Published June 24, 2014

Paul's Epistle...
"Unashamed" - Responses

Last week in this space I shared some comments from Brian Free about his new CD called "Unashamed" — and the significance of that title as we strive to live daily for Christ. I also reported the exemplary story of Brooks Hamby, a student who, despite instructions not to do so, told of his faith boldly during his high school commencement address as salutatorian. (If you missed it, you can read it here.)

Because the issue is so important, I wanted to share with you three responses to that column – two from pastors and one from a school teacher. Here they are:

"I enjoyed your article; it is so true. We need more who call themselves Christians to stand up for that which they claim to believe. I have mentioned to our fellowship that if we stand up for Christ we can change the world. Some responded, ‘it is going to happen anyway.' This attitude is a defeatist attitude. In past years I have had pastors say when anyone of another religion comes to their door they go to the basement and pretend there is no one home. I asked them what they were ashamed of, and they had no reply. I look at this as a time to share Christ with these who come to my door, and pray others will do the same. It is an honour to share Christ with others." – Pastor Jim Link (Canada)

"My prayer is that I will never be ashamed of Christ. Truthfully, I know there have been times in the past where instances came up with I was afraid to share my faith, and I didn't. I often wonder if God interprets that as ‘being ashamed' of Him. I hope not. I truly want to say to anyone at an appropriate time, ‘I am not ashamed of the Gospel of Christ...' Thanks for the reminder/encouragement to be bold for our loving Lord who was SO bold for us that He took the abuse we heaped on Him on the cross." – Pastor Dave Weaver (Pennsylvania)

Here's a response that specifically refers to the Brooks Hamby story, from someone who "lived it" as well:

"The story about the young man, Brooks, took me back to my graduation in 1991. I was an honor graduate and I asked to do the prayer.
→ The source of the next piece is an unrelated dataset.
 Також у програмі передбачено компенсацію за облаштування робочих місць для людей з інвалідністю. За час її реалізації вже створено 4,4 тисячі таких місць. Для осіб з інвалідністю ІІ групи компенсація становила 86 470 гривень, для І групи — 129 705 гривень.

I was shocked when my counselor said that we don't call it the ‘prayer' anymore, but a word of inspiration. I, like Brooks, sought advice. I was most excited when many of my family and classmates said, ‘Lorie, you have always shared the glory of God — don't let them stop you now!'

"I wanted to follow the rules and I wanted to honor my Lord who helped us all reach that milestone in our lives. I did not ‘pray,' but, like the young man, Brooks, I did creatively thank God throughout my speech and I was not reprimanded, as I was warned I may be.
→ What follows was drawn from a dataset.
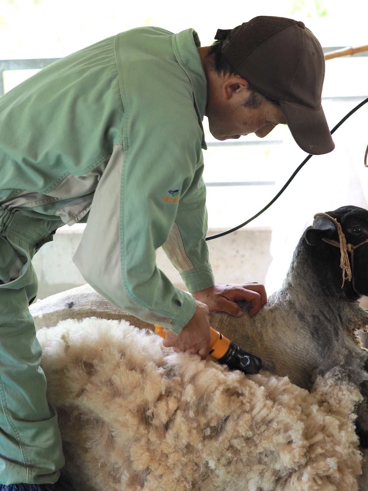 毛刈りの時期(4月から6月)は、1日6頭から8頭の毛を刈ります。

"Twenty-three years later, my family and friends still tell me how proud they are that I stood up for what I believe in.

"I am now a teacher and, due to budget cuts, I lost my position at the school I have been at for six years. I taught the gifted students, so there are a group of kids I have taught all six years. When they learned that I lost my job, they were very upset and they began to write letters to the administration and letters of support to me. I was so touched. Almost every child talked about how thankful they are that I always ‘creatively' taught them about God and living a Christian life, even in a public school. If I never accomplish more in life, I am so blessed to know that by not being ashamed I impacted their lives for Christ.

"We all must not be ashamed because we never know who and how we are inspiring others." – Lorie Grimes

That says it very well. These three stories are reminders of just how important it is to let our lights shine as Christians in this increasingly "dark" world. Let's all renew our resolve not to be ashamed of the Gospel.